Supreme Court Justices Hint That Obamacare Repeal Is Highly Unlikely

Supreme Court justices listening to oral arguments on Tuesday regarding the legality of the Affordable Care Act (ACA), sometimes referred to as Obamacare, signaled reluctance toward finding the law unconstitutional.

At issue is whether a portion of the law called the individual mandate is severable or not — a legal term that questions whether the law can exist or not without a specific provision being enforced. A complete striking down of the law, if it’s found not to be severable from the mandate, would mean those who receive subsidies to buy insurance, utilize federal and state-created health exchanges, or even benefit from the law’s provision on protecting those with preexisting health conditions, could be negatively affected.

In 2012, the Supreme Court had ruled that the mandate, which required Americans to purchase health insurance if they were financially able to do so, was constitutional. Those who did not purchase insurance, either through their employer or through a health insurance exchange, would be assessed a tax by the federal government.

In 2017, however, Congress, then controlled by Republicans, passed the Trump administration tax cuts. In the bill that was later signed into law by President Donald Trump, there was a provision that zeroed-out the individual mandate, effectively creating no penalty for not having purchased insurance if one could otherwise afford to do so.

Afterwards, several states across the country filed lawsuits alleging that, without the mandate, the law was inoperable and unconstitutional.

The three liberal justices on the Supreme Court, not surprisingly, signaled on Tuesday that they weren’t buying into that line of argument. But two conservative bloc justices, Chief Justice John Roberts and Justice Brett Kavanaugh, also made comments that implied they weren’t inclined to accept the arguments to strike the law down.
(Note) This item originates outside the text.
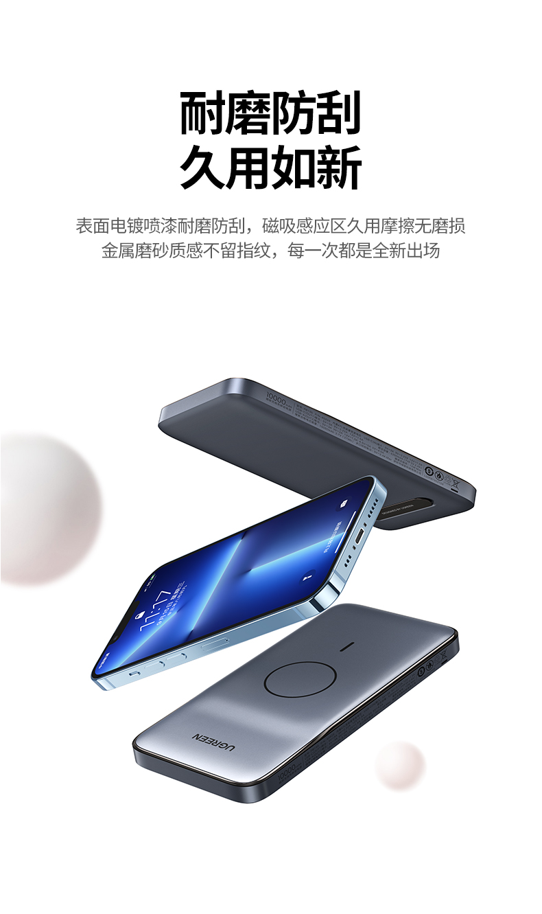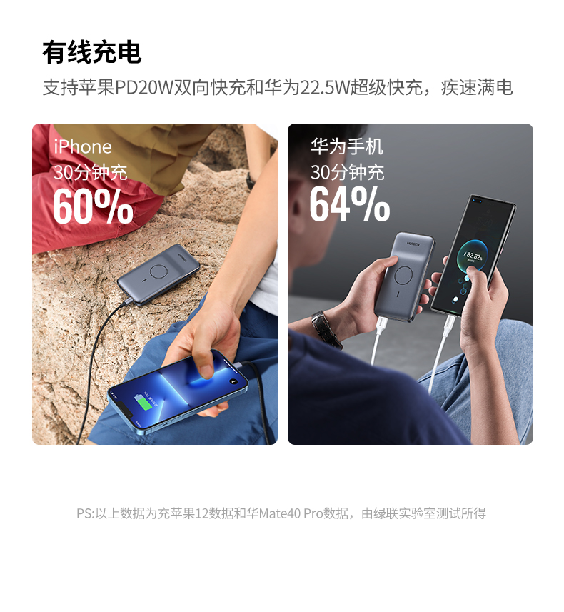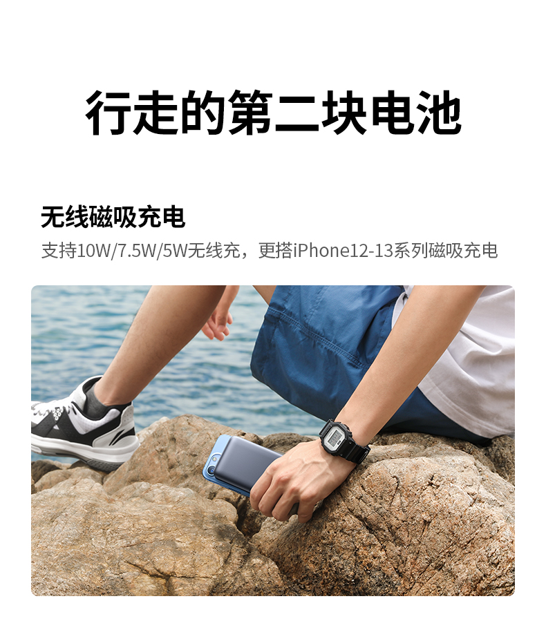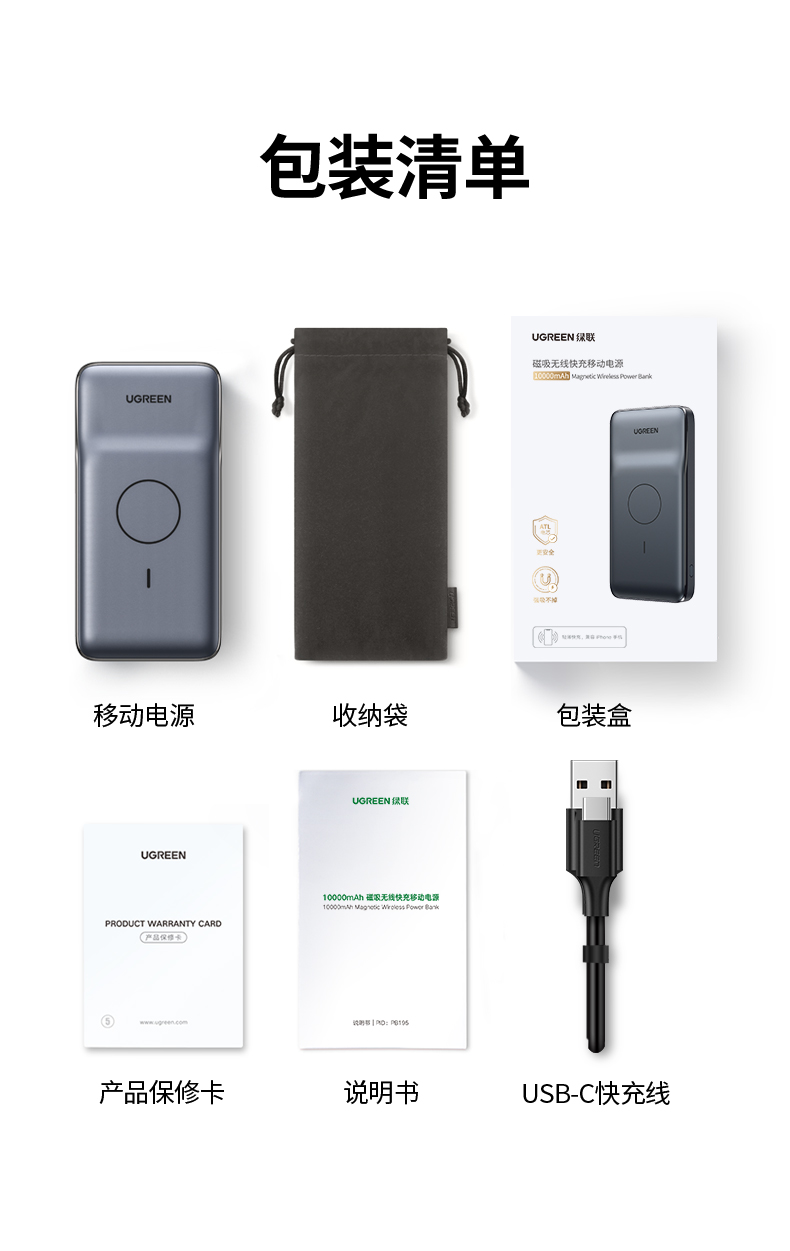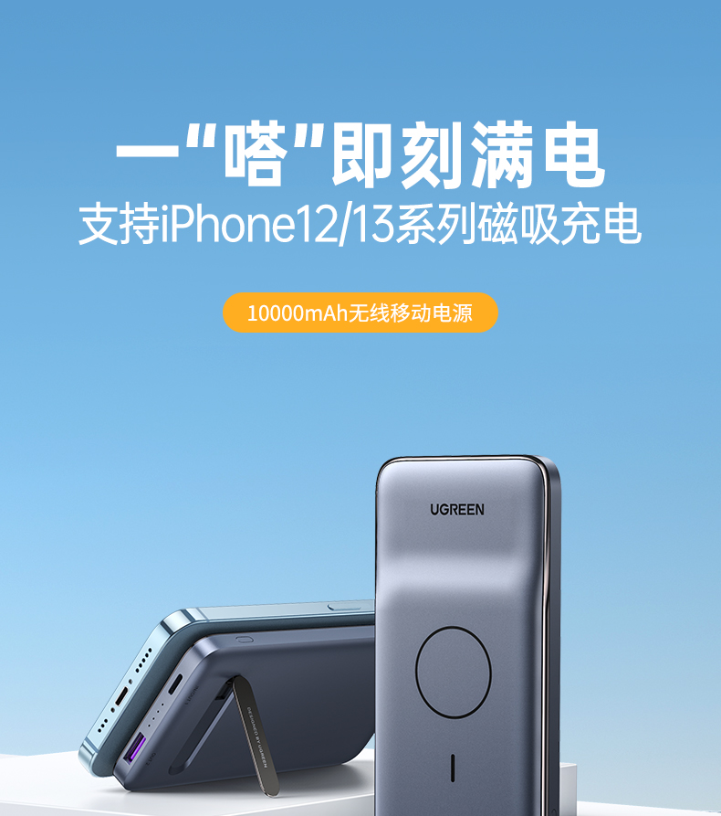 绿联三合一苹果磁吸无线充电宝PD20W/18W移动电源10000毫安时快充带支架适用MagSafe/苹果13/12系列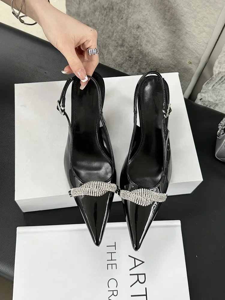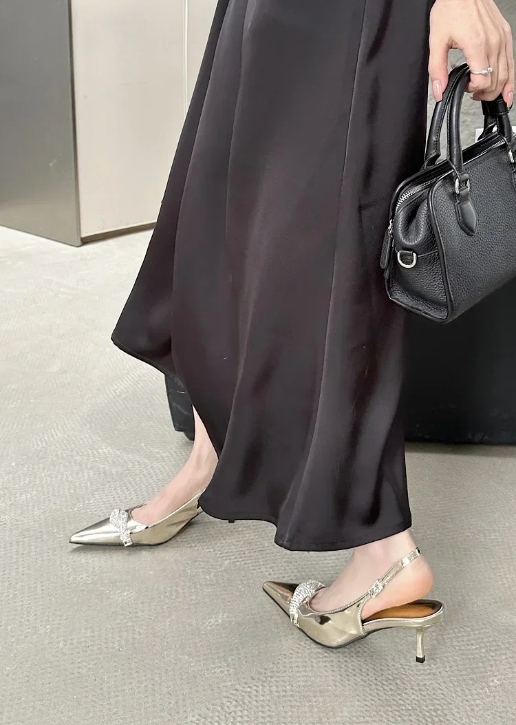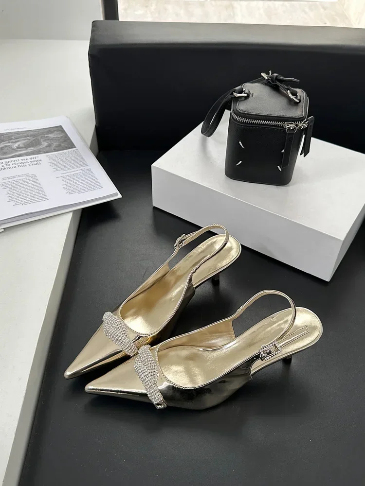 Lbsfy Gold Pointed Toe Pumps Sandals Female Summer 2025 Elegant Slingbacks Shoes Sexy Crystal High Heels Wedding Party Shoes Women

Kavanaugh, in discussions with a lawyer defending the law, said he agreed that “this a very straightforward case for severability under our precedents, meaning that we would excise the mandate and leave the rest of the act in place.”

“It does seem fairly clear that the proper remedy would be to sever the mandate provision and leave the rest of the law in place,” Kavanaugh also said.

Roberts appeared to agree. In discussing how Congress went about changing the law, he noted that Republicans had not ended it completely in the Trump tax bill.

“I think it’s hard for you to argue that Congress intended the entire act to fall if the mandate were struck down when the same Congress that lowered the penalty to zero did not even try to repeal the rest of the act,” Roberts said.

Although Republicans have made many attempts to end the law in other ways (more than 70 times from the time it was enacted in 2010 through 2017), Roberts conceded that Congress might have wanted the courts to do so after having failed to repeal it themselves. “But that’s not our job,” he added in his comments.

If Roberts and Kavanaugh do indeed decide against finding the ACA unconstitutional, they, along with liberal bloc Justices Steven Breyer, Sonia Sotomayor and Elena Kagan, would form a majority on the Court preventing the law from being struck down. It’s possible that other conservative bloc justices on the court, too, could join in upholding the law, as the remaining four justices didn’t appear to indicate one way or the other where they stood on the issue.

It is still possible, though unlikely given their comments on Tuesday, that Roberts or Kavanaugh could change their views.

The ruling on the case, California v. Texas, is set to be made sometime next year, in the spring at the earliest.